↓
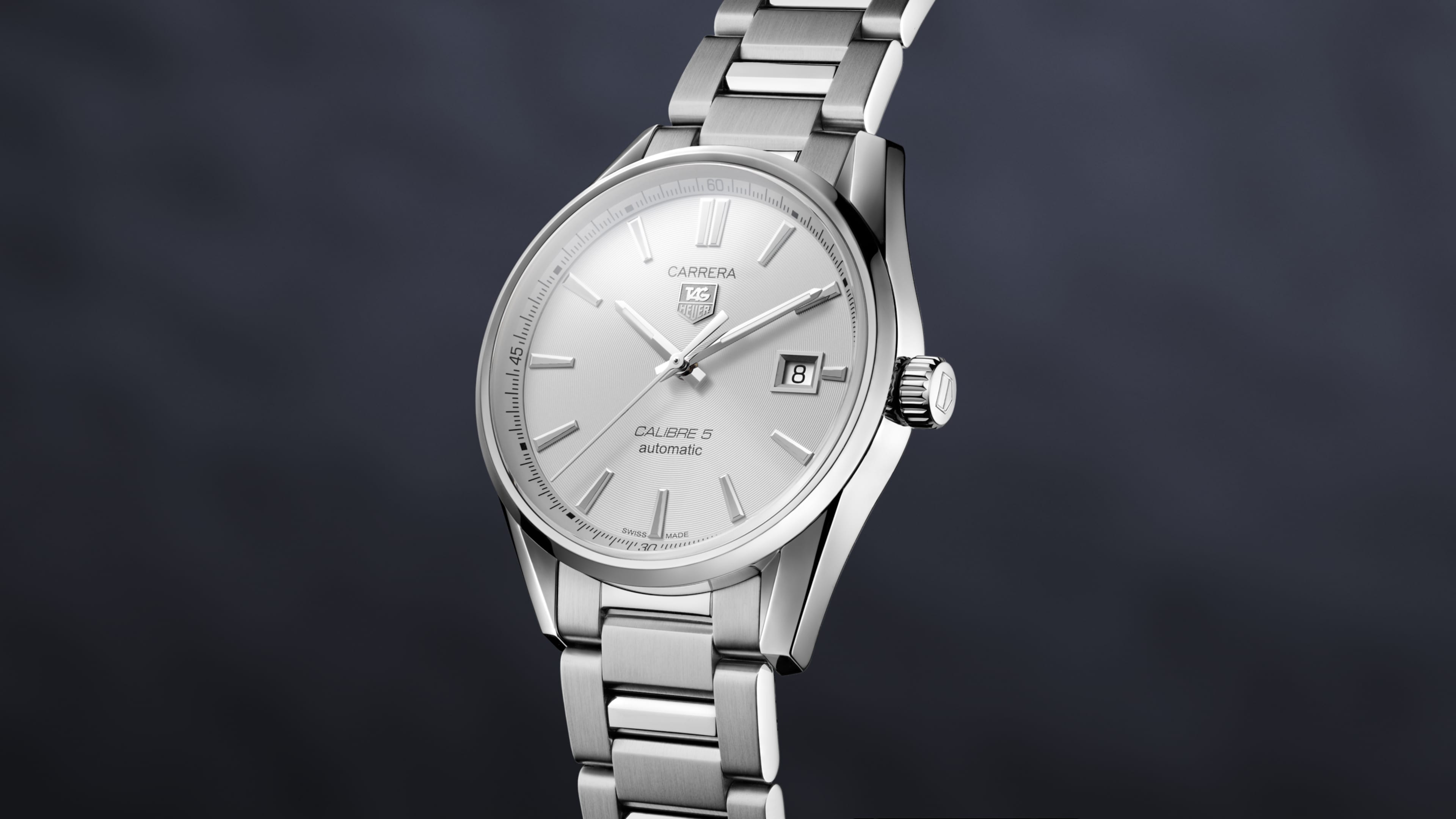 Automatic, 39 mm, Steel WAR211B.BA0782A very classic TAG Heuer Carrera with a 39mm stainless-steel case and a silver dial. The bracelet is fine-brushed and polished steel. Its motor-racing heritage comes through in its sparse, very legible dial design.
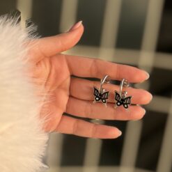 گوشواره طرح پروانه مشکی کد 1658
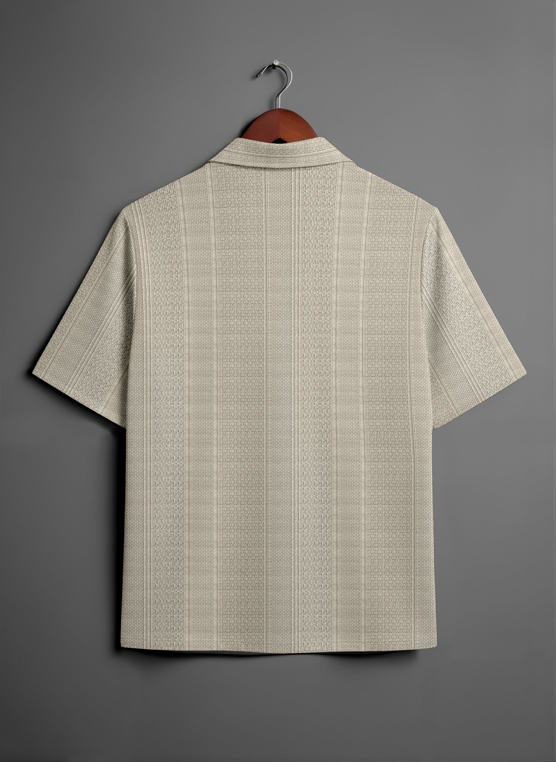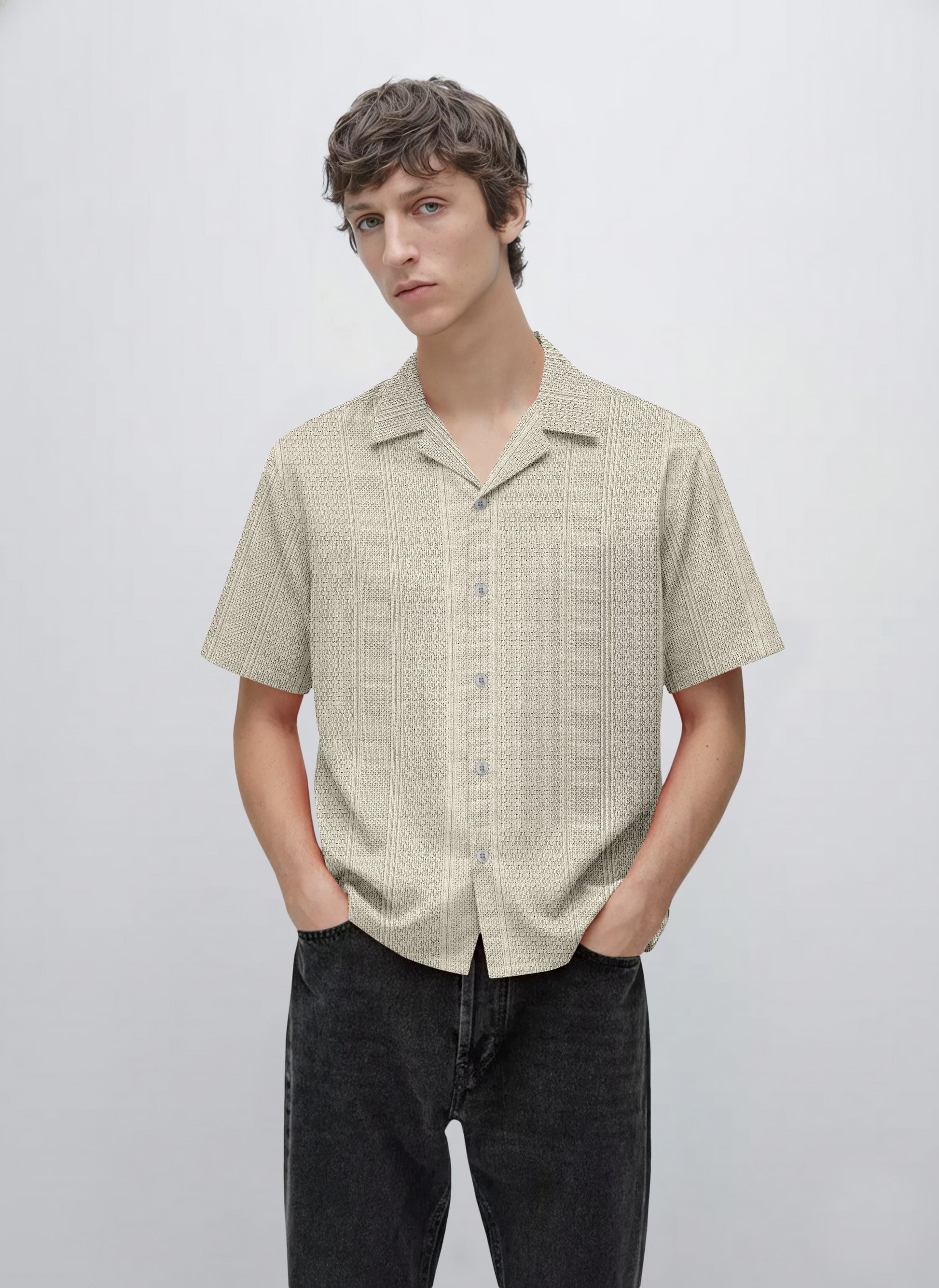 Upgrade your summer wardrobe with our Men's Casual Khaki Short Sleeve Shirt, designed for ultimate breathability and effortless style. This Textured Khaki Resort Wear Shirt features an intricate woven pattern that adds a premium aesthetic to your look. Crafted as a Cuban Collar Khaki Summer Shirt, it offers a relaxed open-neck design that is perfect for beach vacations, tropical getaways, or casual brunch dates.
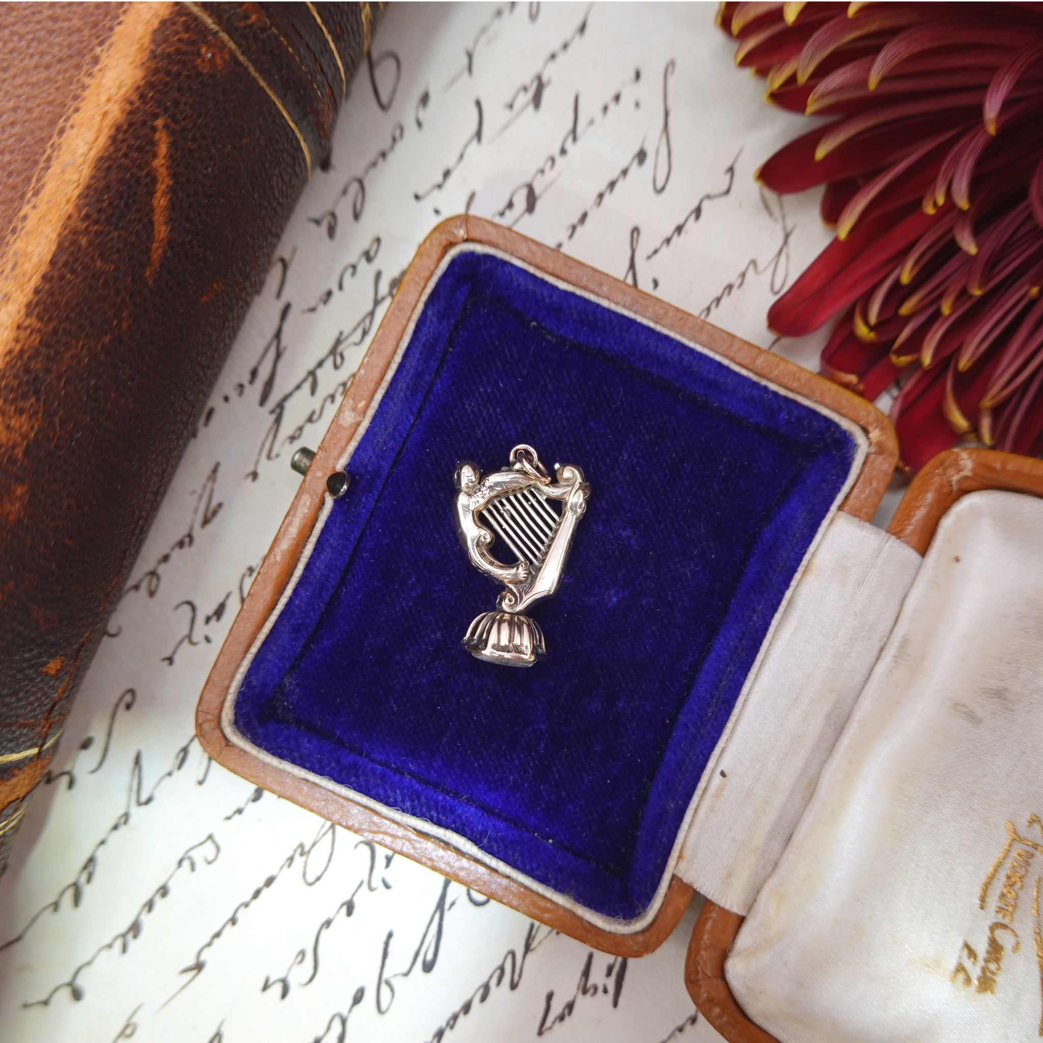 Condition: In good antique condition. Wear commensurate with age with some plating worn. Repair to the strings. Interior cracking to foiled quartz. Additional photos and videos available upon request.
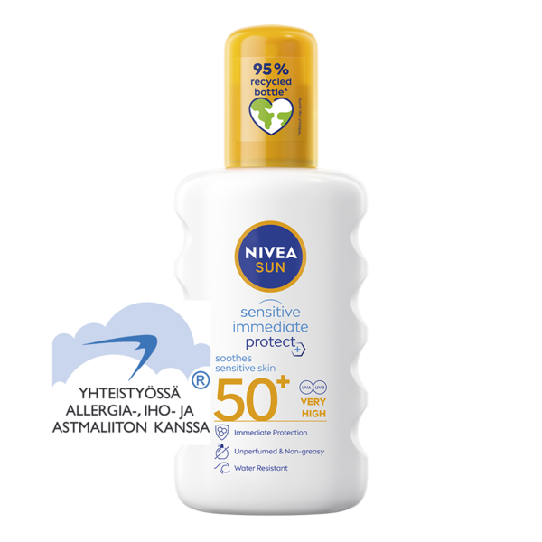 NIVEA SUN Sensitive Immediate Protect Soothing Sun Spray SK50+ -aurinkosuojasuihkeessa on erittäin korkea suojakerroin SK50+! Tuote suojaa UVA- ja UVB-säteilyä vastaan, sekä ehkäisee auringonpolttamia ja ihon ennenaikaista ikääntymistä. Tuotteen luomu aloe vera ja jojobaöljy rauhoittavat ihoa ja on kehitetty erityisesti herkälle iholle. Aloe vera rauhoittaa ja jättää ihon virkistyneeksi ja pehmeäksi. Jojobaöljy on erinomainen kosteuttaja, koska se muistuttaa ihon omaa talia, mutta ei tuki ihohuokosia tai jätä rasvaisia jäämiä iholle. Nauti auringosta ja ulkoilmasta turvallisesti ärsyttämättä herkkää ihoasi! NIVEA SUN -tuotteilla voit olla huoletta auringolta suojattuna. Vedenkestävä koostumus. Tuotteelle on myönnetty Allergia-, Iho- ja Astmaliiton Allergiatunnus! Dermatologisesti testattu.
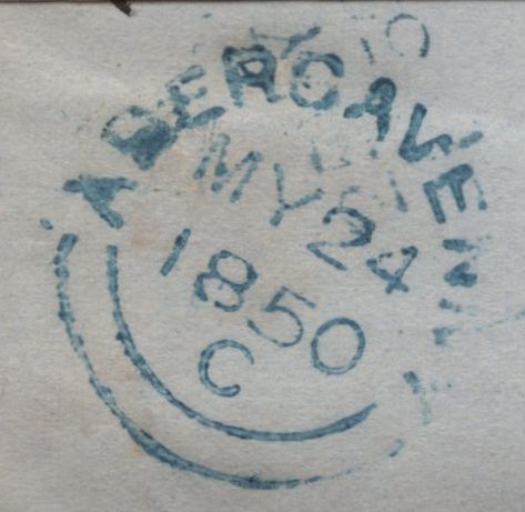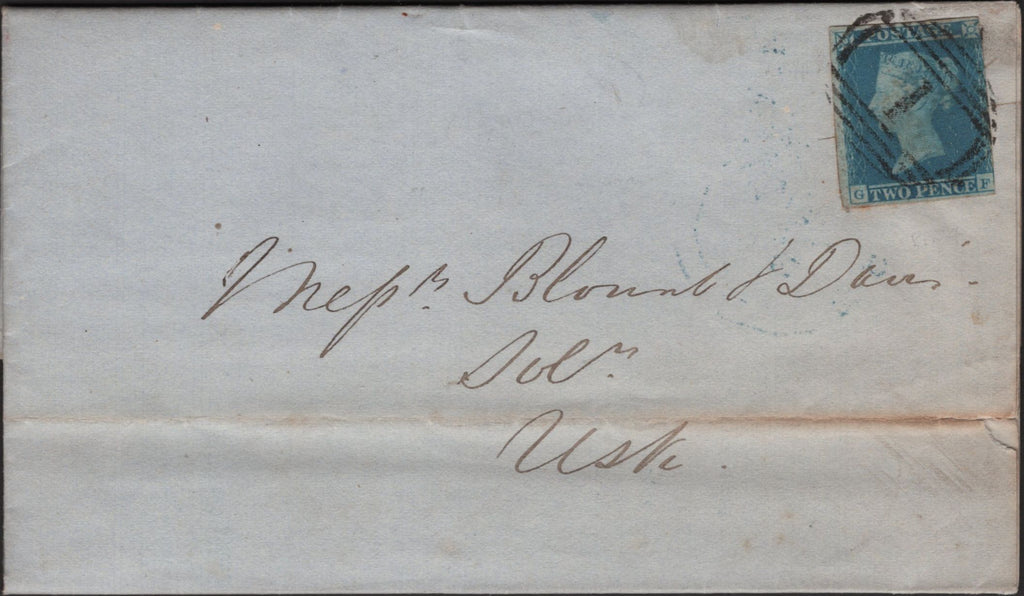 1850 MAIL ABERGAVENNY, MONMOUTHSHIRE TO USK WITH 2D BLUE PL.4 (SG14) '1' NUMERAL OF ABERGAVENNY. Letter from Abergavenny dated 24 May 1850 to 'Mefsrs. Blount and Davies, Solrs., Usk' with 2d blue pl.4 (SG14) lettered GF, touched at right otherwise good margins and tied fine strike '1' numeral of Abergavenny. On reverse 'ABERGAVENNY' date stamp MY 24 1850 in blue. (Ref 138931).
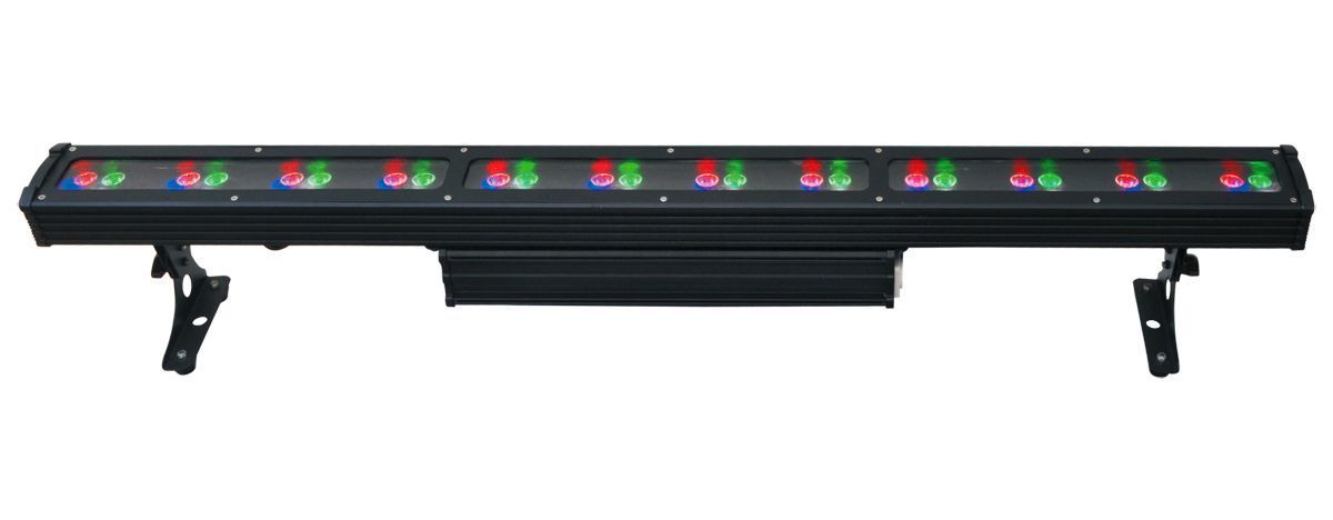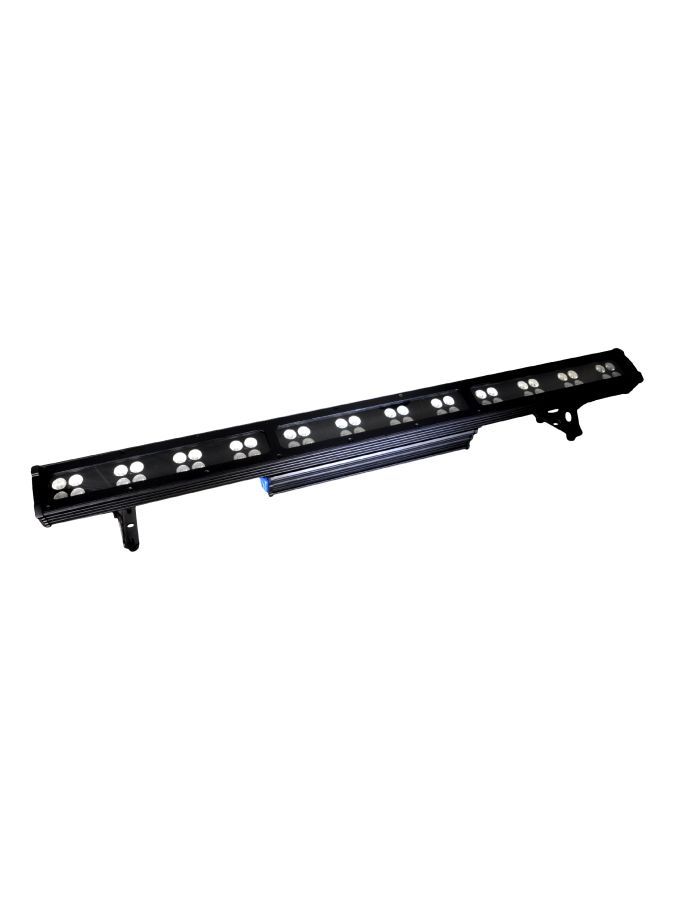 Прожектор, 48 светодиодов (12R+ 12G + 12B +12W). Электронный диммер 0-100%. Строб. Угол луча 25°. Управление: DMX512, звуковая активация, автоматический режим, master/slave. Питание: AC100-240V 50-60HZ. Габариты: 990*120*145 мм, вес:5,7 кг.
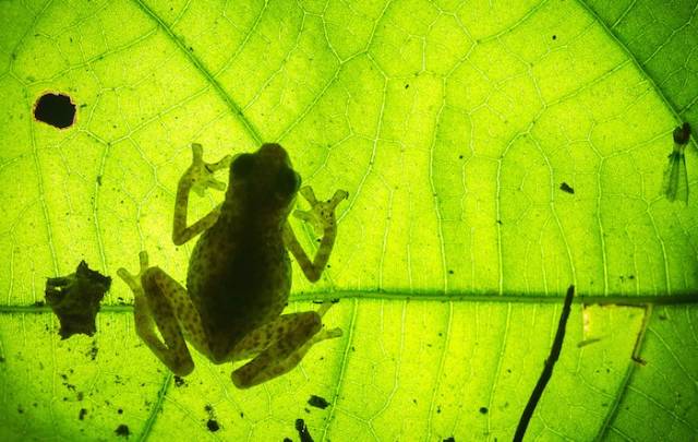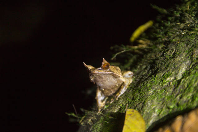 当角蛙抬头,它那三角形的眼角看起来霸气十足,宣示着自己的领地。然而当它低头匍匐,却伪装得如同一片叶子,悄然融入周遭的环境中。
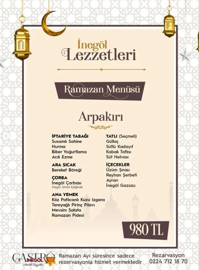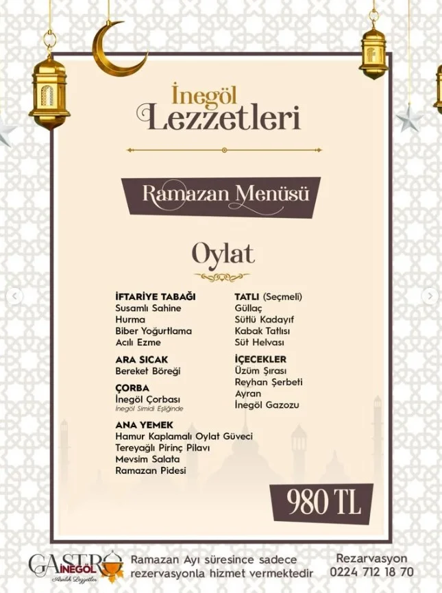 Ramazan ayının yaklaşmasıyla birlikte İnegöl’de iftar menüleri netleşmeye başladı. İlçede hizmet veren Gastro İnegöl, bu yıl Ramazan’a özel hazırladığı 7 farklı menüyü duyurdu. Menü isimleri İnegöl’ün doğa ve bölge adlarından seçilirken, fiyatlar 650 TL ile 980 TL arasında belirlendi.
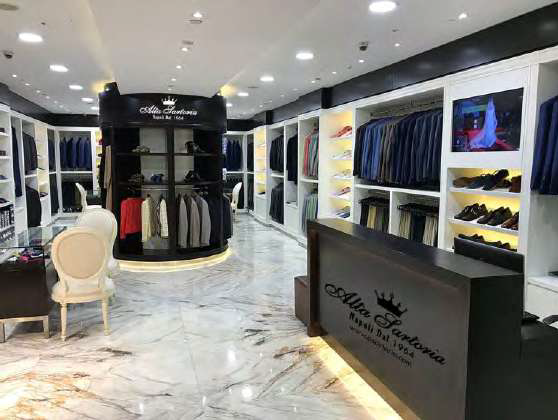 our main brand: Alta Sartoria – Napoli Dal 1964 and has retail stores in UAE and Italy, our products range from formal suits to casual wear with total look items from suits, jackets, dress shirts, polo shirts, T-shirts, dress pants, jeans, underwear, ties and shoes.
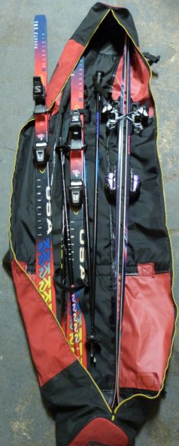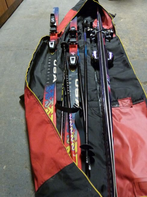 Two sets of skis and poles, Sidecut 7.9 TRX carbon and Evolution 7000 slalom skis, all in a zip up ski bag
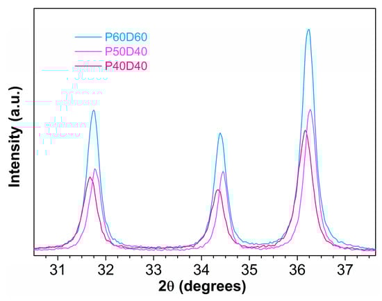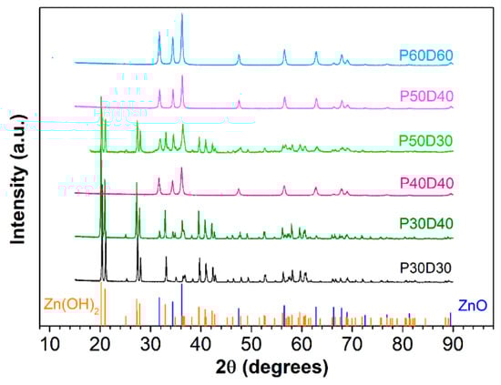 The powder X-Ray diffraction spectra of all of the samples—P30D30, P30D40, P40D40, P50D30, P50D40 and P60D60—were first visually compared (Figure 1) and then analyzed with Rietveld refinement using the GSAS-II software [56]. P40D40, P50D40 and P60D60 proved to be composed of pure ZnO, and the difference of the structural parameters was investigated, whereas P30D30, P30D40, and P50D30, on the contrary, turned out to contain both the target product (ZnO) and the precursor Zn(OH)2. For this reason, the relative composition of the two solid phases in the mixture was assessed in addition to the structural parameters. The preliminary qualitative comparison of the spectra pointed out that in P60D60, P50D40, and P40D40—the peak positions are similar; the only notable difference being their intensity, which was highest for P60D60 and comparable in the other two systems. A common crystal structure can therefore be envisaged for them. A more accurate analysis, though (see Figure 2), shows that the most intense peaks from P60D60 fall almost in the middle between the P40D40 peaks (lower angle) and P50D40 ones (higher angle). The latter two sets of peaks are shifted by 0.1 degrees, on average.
↑
In the data above, retype only the stretch from the line with "our main brand: Alta" through the line with "Two sets of skis", word for word, and skip any pictures.

 our main brand: Alta Sartoria – Napoli Dal 1964 and has retail stores in UAE and Italy, our products range from formal suits to casual wear with total look items from suits, jackets, dress shirts, polo shirts, T-shirts, dress pants, jeans, underwear, ties and shoes.
 Two sets of skis and poles, Sidecut 7.9 TRX carbon and Evolution 7000 slalom skis, all in a zip up ski bag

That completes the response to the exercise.